Turkish President Recep Tayyip Erdoğan visits Hatay, Turkey, on Feb. 20, 2023, following a catastrophic earthquake.
Turkey's big lenders will likely suffer declines in annual profits as May elections spur government efforts to force banks out of US dollar assets.
The government's "increasingly burdensome" de-dollarization drive "will put downward pressure on profitability" in 2023, according to an April 13 banking risk analysis by S&P Global Market Intelligence. Rules were tightened further in April, with new obligations to buy local-currency government bonds and higher reserve requirements for foreign-currency deposits.
De-dollarization at banks forms part of President Recep Tayyip Erdoğan's unorthodox push to cool high inflation, while still cutting interest rates, by making the lira the only medium of exchange in domestic commercial transactions. The populist policies have fueled a currency collapse, as well as pressing banks' earnings, and the drive could lead to even tighter restrictions if Erdoğan's AK Party prevails in the upcoming polls, according to Serhan Gok, an Istanbul-based economist and fund manager at Arista, a recently launched investment fund.
An Erdoğan win could leave the banking sector "in its current limbo state for longer than expected," Gok told Market Intelligence. Continuing populist measures may lead to severe capital controls, he said.
These challenges mean that net income at Turkiye Garanti Bankasi AS, which is owned by Spain's BBVA, will likely fall 18% to 44.15 billion lira this year, according to analyst estimates compiled by S&P Global Market Intelligence. State-owned Türkiye Halk Bankasi AS will see a 15% decline and state-owned Türkiye Vakiflar Bankasi Türk Anonim Ortakligi will have a 33% slump, the data shows. Estimates for the largest state-owned bank, Türkiye Cumhuriyeti Ziraat Bankasi AS, were not available.
Garanti Bank, Halkbank, Vakiflar Bank and Ziraat Bank did not respond to requests for comment. Turkey's banking association declined to comment.
The government aims to raise the percentage of lira deposits in the banking system to 65% in the first half.
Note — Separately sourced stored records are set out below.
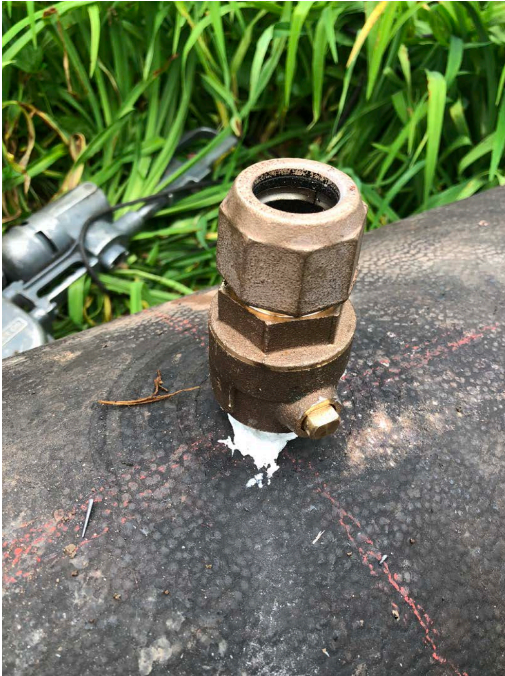
Picture 4: 1" corporation stop placed on 16" DIP for installment at Station 206+38. Main Street, Durham, CT.
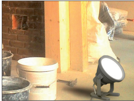
Construction site light
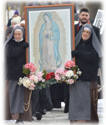
Our Lady of Guadalupe leading the Mini March for Life in Cincinnati

We then processed to Planned Parenthood a few blocks from the church, with groups of 10-20 at a time pausing in front of the abortion mill to offer a private prayer.
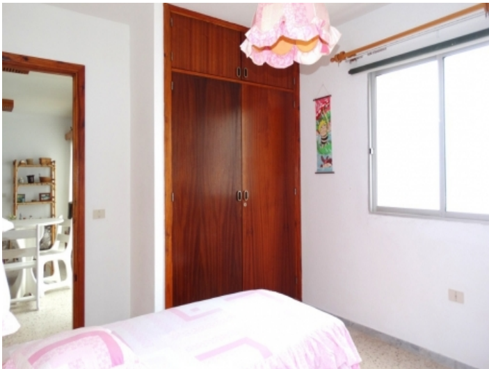
Bedroom with fitted wardrobe
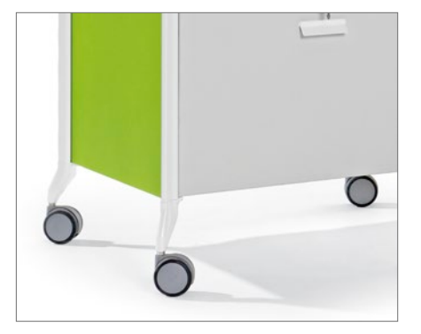
High quality castors (Lockable front castors de Ø 65 cm)
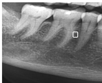
Figure 2. The box with size of 30x30 of premolar distal was made from the centre of ROI
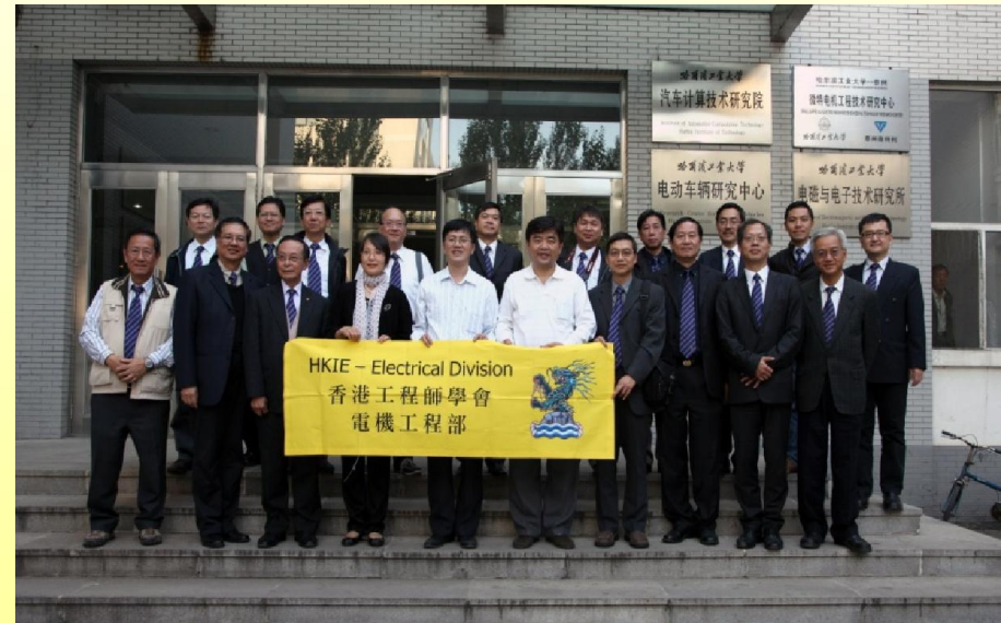
Harbin Institute of Technology
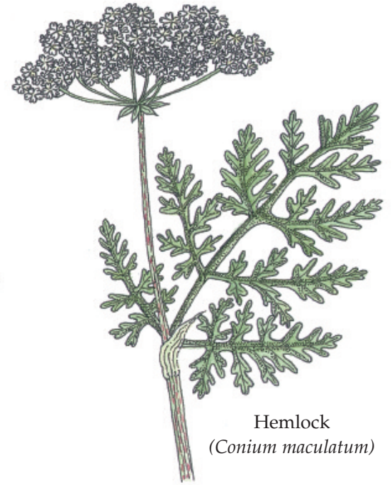
Hemlock ( Conium maculatum )
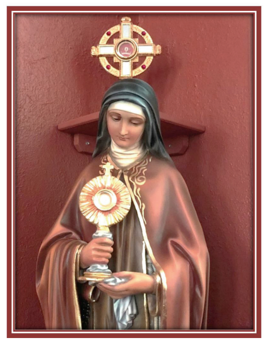
Fifth Sunday of Lent March 17, 2024
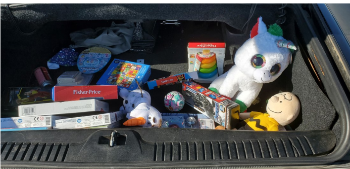
Trunks Full Of Toys
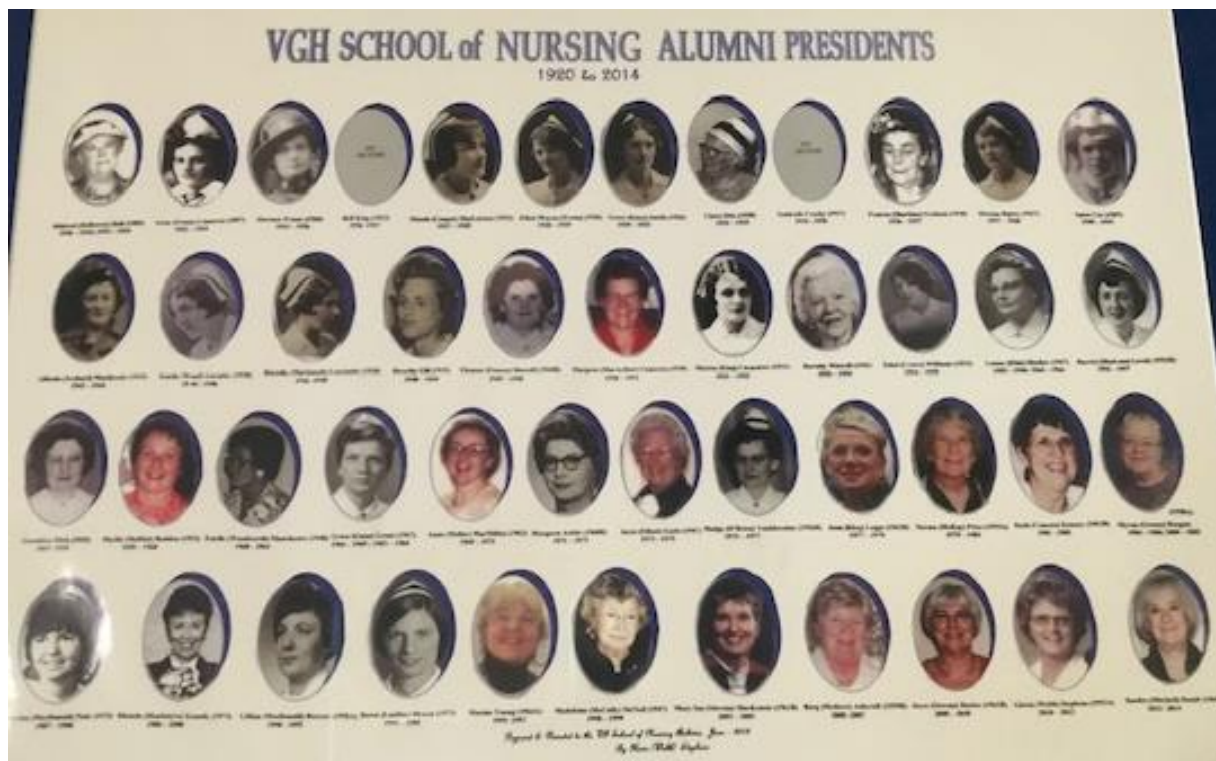
VGH SCHOOL of NURSING ALUMNI PRESIDENTS -1920 - 2014

They were just 59.2% at the end of March, according to bank regulator figures cited by Bloomberg News. Banks boosted lira deposits significantly in 2022, Market Intelligence data shows.
Liraization was invented "as a clever way of avoiding a system failure," Gok said. It helps "to convince depositors to remain in lira deposits despite sharply negative real lira interest rates," he said.
The accelerated shift in the deposit mix will be costly for banks and threatens "to intensify risks during the transition," according to a Jan. 4 banking risk analysis by Market Intelligence. Still, it will be "risk-positive" once accomplished, the note said.
The most recent rule changes mean that banks must buy seven percentage points of additional local currency-denominated government bonds if less than 60% of their total deposits are in lira. Depositors are encouraged to save in state-backed depreciation-protected lira accounts.
The flurry of new banking rules is unparalleled micro-level management that includes boosting credit to preferred small businesses and individuals, as well as capping interest rates amid soaring funding costs, Gok said.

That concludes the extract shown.